Trinity College, Dublin |
I spent a couple of days this week in Dublin at the Hydra Europe Symposium. Hydra has been on my radar for a little while but these two days really gave me an opportunity to focus on what it is and what it can do for us. This is timely for us as we are currently looking at systems for fulfilling our repository and digital archiving functions.
At York we currently use Fedora for our digital library so developments within the Hydra community are of particular interest because of its relationship to Fedora.
Chris Awre from the University of Hull stated that the fundamental assumptions on which Hydra was built were that:
1. No single system can provide the full range of repository based solutions for an institutions needs
2. No single institution can resource development of a full range of solutions on its own
This chimes well with our recent work at York trying to propose a technical architecture that could support deposit, storage, curation and access to research data (among other things). There is no one solution for this and building our own bespoke system from scratch or based purely on Fedora would clearly not be the best use of our resources.
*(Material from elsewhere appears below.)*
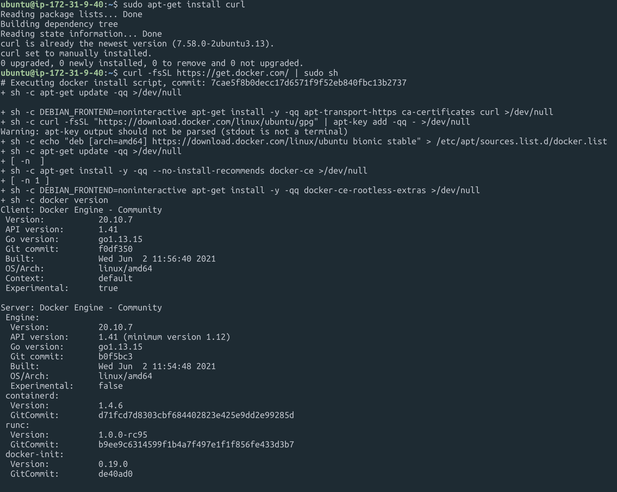 curl -fsSL https://get.docker.com/ | sudo sh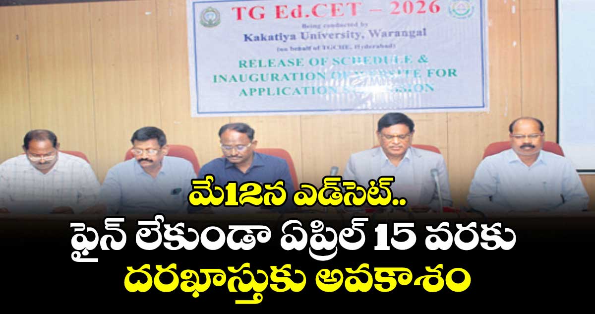 కేయూ క్యాంపస్, వెలుగు: బీఎడ్ కోర్సుల్లో ప్రవేశాల కోసం నిర్వహించే ‘టీజీ ఎడ్సెట్–-2026’ నోటిఫికేషన్ విడుదలైంది. ఈ మేరకు సోమవారం కాకతీయ యూనివర్సిటీ సెనెట్ హాలులో ఎడ్సెట్ చైర్మన్, కేయూ వీసీ ప్రొఫెసర్ కె. ప్రతాప్ రెడ్డి పరీక్షా షెడ్యూల్ను విడుదల చేశారు. ఈ సందర్భంగా ఆయన మాట్లాడారు. మే 12న రాష్ట్రవ్యాప్తంగా 16 కేంద్రాల్లో ప్రవేశ పరీక్ష నిర్వహించనున్నట్టు తెలిపారు. మంగళవారం నుంచే ఆన్లైన్ దరఖాస్తుల ప్రక్రియ ప్రారంభమవుతుందని చెప్పారు.

The solution that Hydra provides is a technical framework that multiple institutions can work with but that can be built upon with adopting institutions developing custom elements tailored to local workflows. Hydra has one body but many heads supporting many different workflows.
We were told pretty early on within the proceedings that for Hydra, the community is key. Hydra is as much about knowledge sharing as sharing bits of code.
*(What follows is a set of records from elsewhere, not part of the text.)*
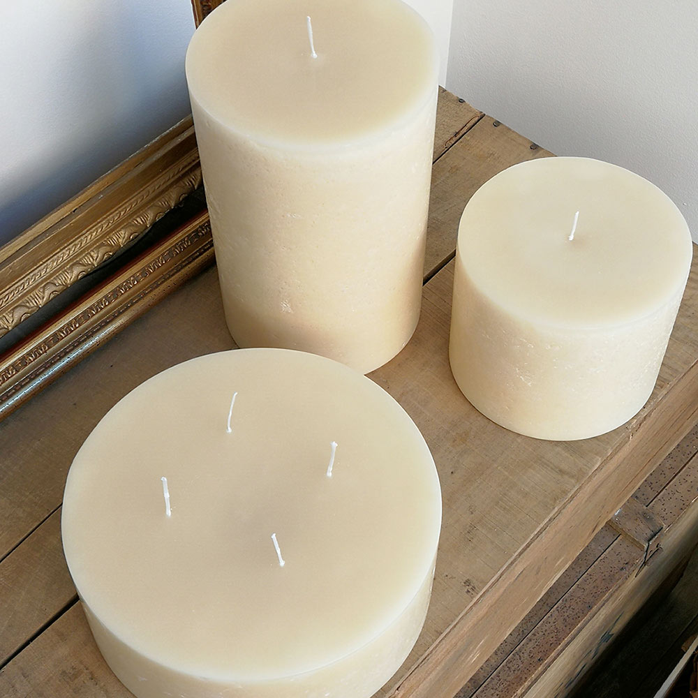 Moderní složení, které zahrnuje tři voskové svíčky různých velikostí navržené a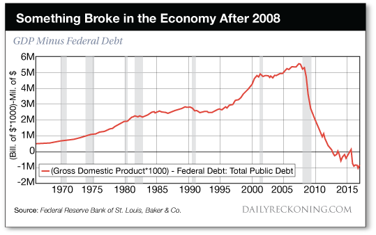 Un système qui ne tient que par l’accroissement des dettes: ici le GDP moins la dette fédérale US
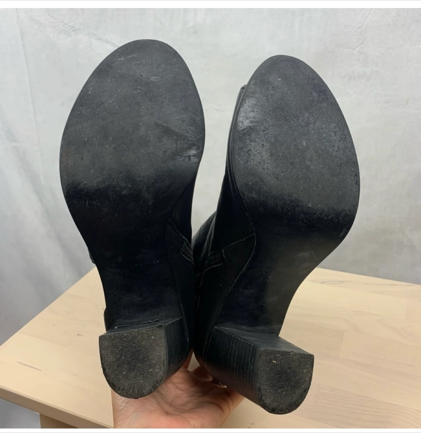 Selling a pair of Steve Madden Nextstar peep toe booties in size 7.5. They are black leather with a block heel and buckle detail. The upper is leather and the outsole is man-made.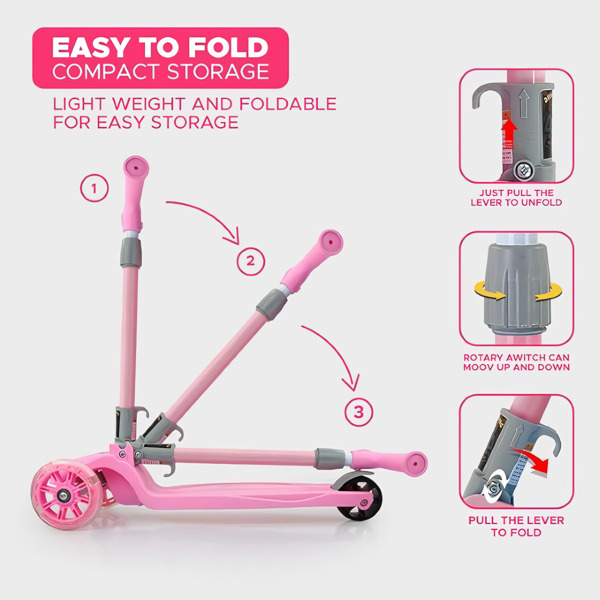 In dem Moment, in dem Kinder sehen, wie die Räder aufleuchten, wird der Roller zu ihrem Lieblingsstück. Die LED-Räder blinken automatisch bei jedem Abstoßen – keine Batterien erforderlich, sie werden vollständig durch die Drehbewegung angetrieben. Mehr Zeit zum Fahren, null Ausflüge in den Laden für Batterien.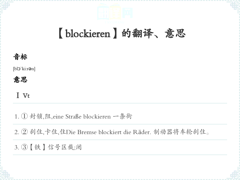 ② 刹住,卡住,住Die Bremse blockiert die Räder. 制动器将车轮刹住。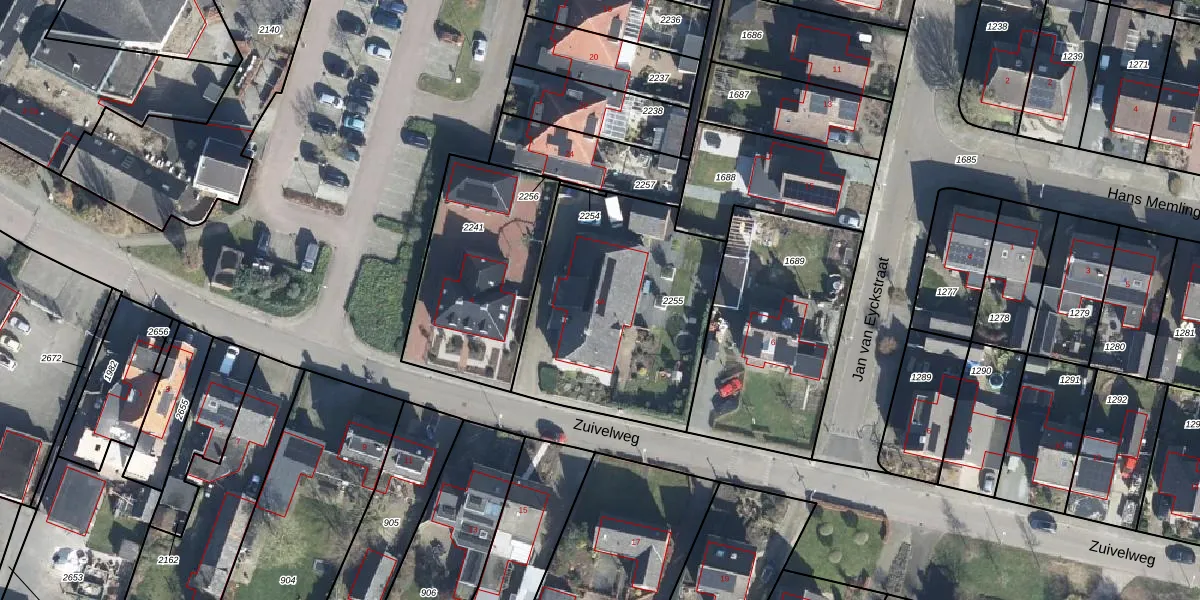 Gebruik de zoekbalk of klik op een perceel voor informatie over de adressen binnen dit perceel.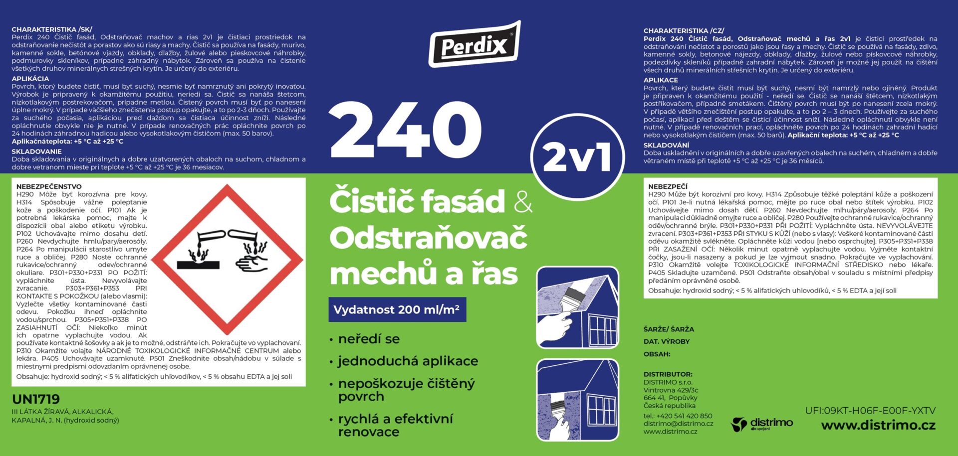 Perdix 240 Čistič fasád & Odstraňovač mechů a řas 2v1 je spolehlivý prostředek pro účinné odstranění nečistot, mechů a řas z různých venkovních povrchů. Skvěle se hodí na fasády, zdivo, kamenné sokly, betonové nájezdy, dlažby, obklady, ale i na žulové a pískovcové náhrobky, zahradní nábytek nebo střechy z pálených, betonových i cementovláknitých krytin.

“If you want to go fast go alone, if you want to go far, go together” – This African proverb was used to help explain the Hydra concept of community. In working together you can achieve more and go further. However, some of the case studies that were presented during the Symposium clearly showed that for some, it is possible to go both far and fast using Hydra and with very little development required. Both Trinity College Dublin and the Royal Library of Denmark commented on the speed with which a repository solution based on Hydra could be up and running. Speed is of course largely dependent on the complexity or uniqueness of the workflows you need to put in place. Hydra does not provide a one-size-fits-all solution but should be seen more as a toolkit with building blocks that can be put together in different ways.
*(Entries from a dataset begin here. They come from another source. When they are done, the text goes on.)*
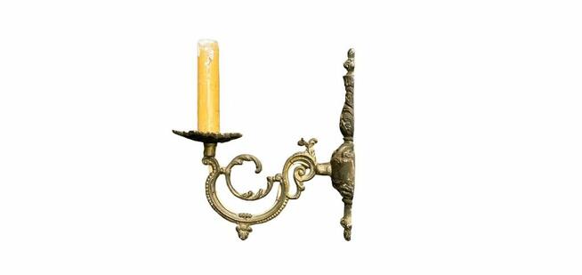 Zabytkowy mosiężny kinkiet elektryczny ( gwint E14 ) długość rozety 24 cm szerokość rozety 6 cm głębokość od ...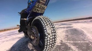 Der Ingenieur Peter Petrov aus der Woronesch-Russland, Er baute improvisierte Motorradreifen mit Nieten und macht uns zu eine Demonstration in zugefrorenen See.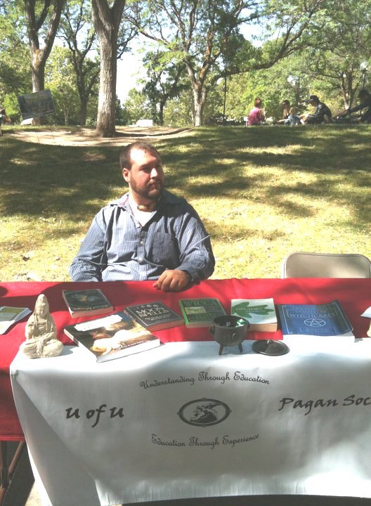 President Daniel Cureton got the first booth for UUPS at the U of U Welcome Week August 26, 2010. Set up on the Student Union west lawn and thankfully in the shade, the sun rose in the August sky and students passed by. Plenty of Pagan literature was on the table for those interested in Paganism. The new club is up and going and is recruiting well.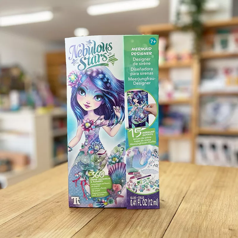 Producto nuevo pero con caja muy dañada. IMPORTANTE: el material de bisutería y las colas están en perfecto estado, pero las láminas de sirenas para vestir están dobladas.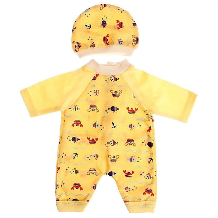 Комплект одежды для кукол (высотой 420 мм) состоит из комбинезона с рукавами и шапочки. Ткань украшена рисунками.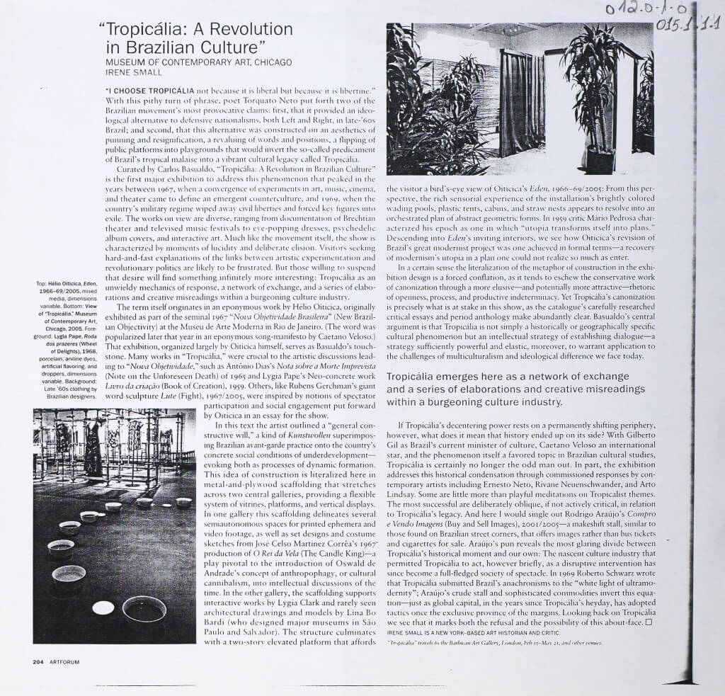 Texto sobre a Tropicália, com o depoimento e citação de alguns artistas do movimento, abordando sua inserção no mesmo.

Dermot Frost from Trinity College Dublin summed up their reasons for joining the Hydra community, saying that they had had experience with both Fedora and DSpace and neither suited their needs. Fedora is highly configurable and in theory does everything you need to do, but you need a team of rocket scientists to work it out. DSpace is a more out-of-the-box solution but you can not configure it in the way you need to to get it to conform to local needs. Hydra sits between the two providing a solution that is highly configurable, but easier to work with than Fedora.
Anders Conrad from the Royal Library of Denmark told us that for their repository solution, 10-20% of material is deemed worthy of proper long term preservation and is pushed to the national repository. The important thing here is that Hydra can support these different workflows and allows an organisation to put one repository in place that could support different types of material with different values placed on the content and thus different workflows going on within it. The 'one repository - multiple workflows' model is very much the approach that the University of Hull have taken with their Hydra implementation. Richard Green described how data comes in to the repository through different routes and different types of data are treated and displayed in different ways depending on the content type.
And what about digital preservation? This is of course my main interest in all of this. One thing that is worth watching is Archivesphere, a Hydra head that is being created by Penn State designed to "create services for preserving, managing, and providing access to digital objects, in a way that is informed by archival thinking and practices" and including support for both PREMIS and EAD metadata. This is currently being tested by Hydra partners and it will be interesting to see how it develops.
Another thing to think about is how Hydra could meet my digital preservation requirements that I published last year (note they have changed a little bit since then). I think the answer to this is that it probably could meet most of them if we wanted to develop the solutions on top of existing Hydra components. Archivesphere is already starting to introduce some of the required functionality to Hydra, for example file characterisation, normalisation and fixity checking. I guess the bigger question for me is whether this is the best approach for us or whether we would be preferable to make use of existing digital archiving software (Archivematica for example) and ensure the systems can talk to each other effectively.
Jenny Mitcham, Digital Archivist
Hi Jenny,
ReplyDeleteI'd be interested to hear how you get on with Hydra and on your thoughts on Archivematica too, which I've looked at and which seems promising from a preservation workflow perspective.